I recently played around with Rasa and BERT since there is some evidence, that BERT can handle domain specific data very well if it is finetuned.
I took the german BERT and together with the awesome article from spaCy, I was able to finetune the BERT on my domain specific dataset. The evaluation of this finetuned BERT, used as a “simple” multi class classifier directly without the use of rasa showed an average accuracy of 96,8%. It must be noted, that in terms of evaluating the generalization of the model, two evaluations were made:
- a dataset consisting of real-world-documents only, 75/25 split
- a dataset consisting of augmented real-world-documents, 75/25 split
The best evaluation was achieved by using the non-augmented version (which was quite expected).
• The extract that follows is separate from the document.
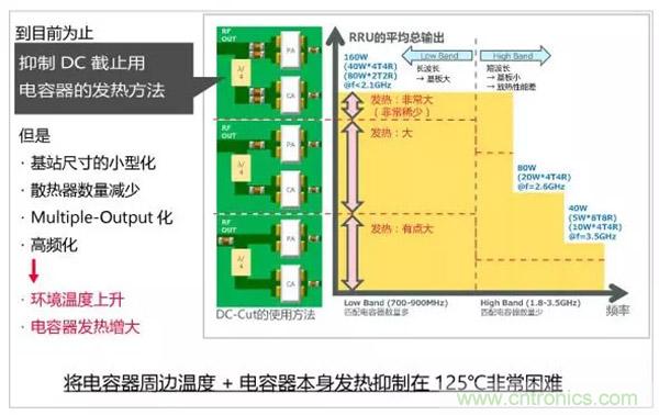 但是,近年來隨著Multiple-Output化(Tx增加)加速,一方面元件數(shù)量增加,而由于基站尺寸小型化,散熱器等散熱對策可用的空間越來越少。使用頻帶的進(jìn)一度高頻化,元件發(fā)熱進(jìn)一步增大,將電容器周邊溫度和自身發(fā)熱抑制在125℃,在電路設(shè)計上的制約案例中變得尤為顯著。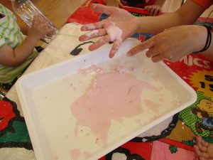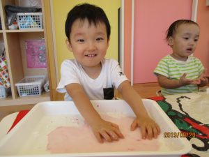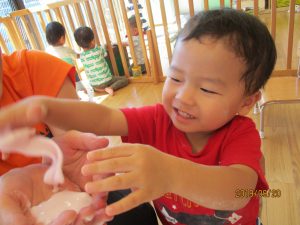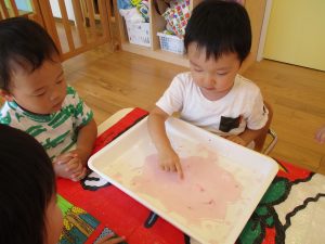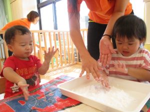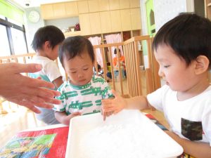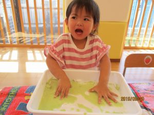固まった片栗粉の感触を喜ぶ子もいれば、ちょっと苦手な様子な子もいましたが、感触遊びを楽しむことができました

I then packaged the finetuned model and installed it as a spaCy model which I planned to use in my rasa pipeline.
To be able to compare the performance, my baseline is a spaCy pipeline with a custom kerasNN classifier and a CountVectorsFeaturizer that uses 2,15 ngrams and a char_wb analyzer on the small de spaCy dataset. Using the same dataset-split as mentioned before I achieved an average accuracy of 95,6% - this evaluation is based on the command rasa test nlu.
Now I changed the pipeline such that instead of using the CountVectorsFeaturizer, the SpacyFeaturizer was used, loading the pretrained, finetuned BERT. After running the same pipeline again, my accuracy dropped to ~91% - frustrating and unexpected, at least by me.
After talking to a friend, we figured out, that maybe the implementation of the SpacyFeaturizer may not be optimal for using the features, BERT is actually able to provide. Taking a look at the implementation of SpacyFeaturizer:
def features_for_doc(doc: "Doc") -> np.ndarray: """Feature vector for a single document / sentence.""" return doc.vector
doc.vector do? It just takes the average of all the representations given by language model for each token in the input text.
This is probably sub-optimal for BERT. Instead, usually only the representation for [CLS] token is used for classifying the given text in BERT model.
So, one solution is to write a custom spacy featurizer component that does exactly this. We can also make this component a bit more complex by exactly implementing the architecure used for fine-tuning BERT (i.e. “softmax_pooler_output”), although without its classifier (i.e. softmax) layer(s).
I have noticed the awesome bert-as-a-service which is actually able to provide those features, but currently it is only stable with the BERTs from Google and has some problems with finetuned ones. In addition, one might not want to embedd a third-party-api dependency to ones config as Gao did.
Did anyone already tried this or would be interested in doing it collaboratively? I think this is a non intrusive, rasa compatible way of using the BERT benefits in rasa without impacting the runtime performance - if it works.